I never had an IBM CPU burn. I had a bunch of ITT Courier pseudo-3277 controllers that tended to smolder. I told my students "What do you expect from a company that makes both atomic bomb parts and Twinkies?". The ITT service guy was NOT amused by my putting "Thank you for not smoking" desk signs on top of each of the controllers.
RSC is only implemented by the IBM 2560 MFCM (officially "MultiFunction Card Machine", but more commonly known as the "Mother-F****** Card Mangler") due to its 2 input hoppers, 5 output stackers, and the non-deterministic path between them, where a card might randomly encounter a read station, a punch station, or an interpretation station. The initial 90-degree turn and the subsequent 180-degree turn with rotation were added simply to frustrate the user or CE who attempted to determine where the 12-car[d] pileup had happened inside the machine. https://www.google.com/search?q=ibm+2560&tbm=isch
To briefly answer some later posts...
I'm pretty sure that it was called a "hard wait" state. Machine problems during IMPL didn't get that far (since there was no WAIT instruction loaded yet).
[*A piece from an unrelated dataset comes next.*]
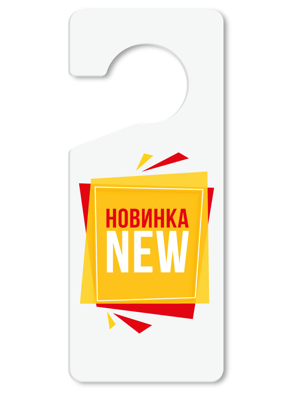 Пластикова табличка з написом "Новинка" для крамниць, супермаркетів, кав'ярень, бутиків тощо... Основа білого кольору з яскравим насиченим червоно-помаранчевим принтом "Новинка, NEW" обов'язково приверне увагу покупців і проінформує про оновлення асортименту. Спеціальна форма не потребує додаткових кріплень: гачок легко зачепити за товар, вішак, підставку та будь-який виступ. Табличка з пластику довговічна у використанні, стійка до вологи. Легко купити на сайті виробника "Бюро рекламних технологій".

There were a row of front lamps (top right by the "Emergency Pull", IIRC) with legends like "CPU EARLY", "CPU LATE", and my favorite, "SYSTEM DAMAGE". I had a 3125 (370/125) with an add-on memory cabinet from MAI (installed with a Sawzall and hundreds of wire-wrap wires coming out of the 3125 cabinet and into the memory cabinet), where if the add-on memory was powered on during IMPL, you got both a CPU EARLY and a CPU LATE. There was only a 30-second or so period to power it on, late in IMPL, so it would be detected and sized.
Microcoded CPUs generally don't have hardware-level HALT instructions - the microcode keeps spinning to detect changes in machine state and respond accordingly. Even microcoded systems with front panels had the front panel service routine (including single step) implemented in microcode.